For every $2 from other donors, the United States will contribute $1 to food and agricultural security, up to a total U.S. contribution of $475 million.
Early in his first term in office, President Barack Obama made it clear that alleviating global food insecurity and undernutrition would be a top priority of his administration. To improve the efficiency and effectiveness of U.S. development aid, he introduced a new model for development.
The United States would partner with other countries, and private and non-governmental organizations, to develop new programs. But instead of managing independent programs or simply handing out food, they would target smallholder farmers and their governments to stimulate agricultural productivity from seed, to market, to table.
Through President Obama’s leadership, the 2009 G-8 Summit resulted in over $22 billion in pledges to fight the underlying causes of global food insecurity. This included $3.5 billion over 3 years from the United States, the largest pledge of any single country. This pledge laid the foundation for Feed the Future, the U.S. government’s global hunger and food security initiative.
Five months later, G-20 member countries supported the launch of the Global Agriculture and Food Security Program, to help implement these pledges. U.S. contributions to GAFSP are an essential part of its commitment to mobilize $3.5 billion toward global food security under Feed the Future.

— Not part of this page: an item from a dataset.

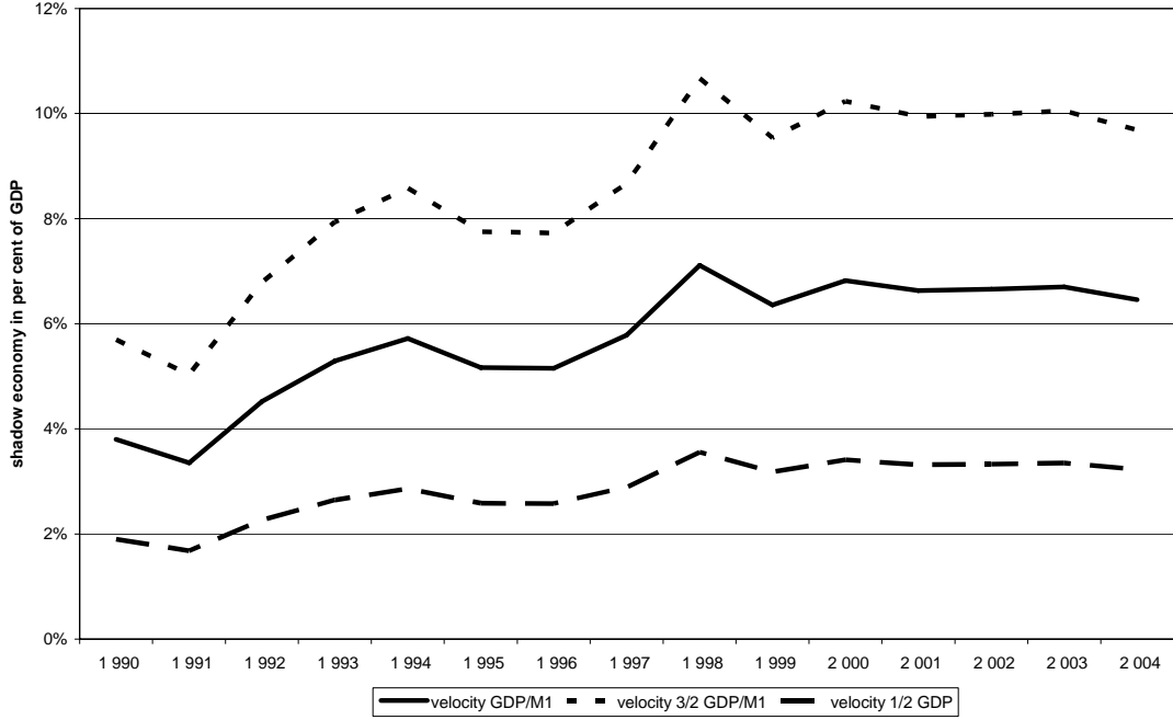
Figure 3. The shadow economy in Sweden between 1990 and 2004 given velocity equals GDP/M1, 0.5GDP/M1 or 1.5GDP/M1.

As Secretary of State John Kerry and Secretary of the Treasury Jack Lew wrote in a recent open letter to donor countries, GAFSP is a great success. “GAFSP consistently produces high impact, sustainable results, and the program is expected to improve the livelihoods of at least 13 million farmers across 25 countries in Africa, Asia, and Latin America. Already, some countries have seen rural incomes increase by more than 200 percent,” they wrote.
But GAFSP’s financial outlook is uncertain: demand from developing countries far exceeds GAFSP’s available resources. To continue to help developing countries meet their own food security goals, GAFSP needs additional funding.
For that reason, two years ago, the United States issued a challenge to donor countries: for every $2 from other donors, the United States will contribute $1 to GAFSP, up to a total U.S. contribution of $475 million.
So far, other donors have committed $230 million in new pledges. But donor countries will have to contribute $720 million more to meet the United States’ funding challenge.
The United States is proud to champion this innovative program, wrote Secretary Kerry and Secretary Lew. But we can’t do it alone. “We call upon . . . . our partners, to join us in supporting the work of GAFSP. Together, we can make progress in the effort to eradicate global hunger and poverty.”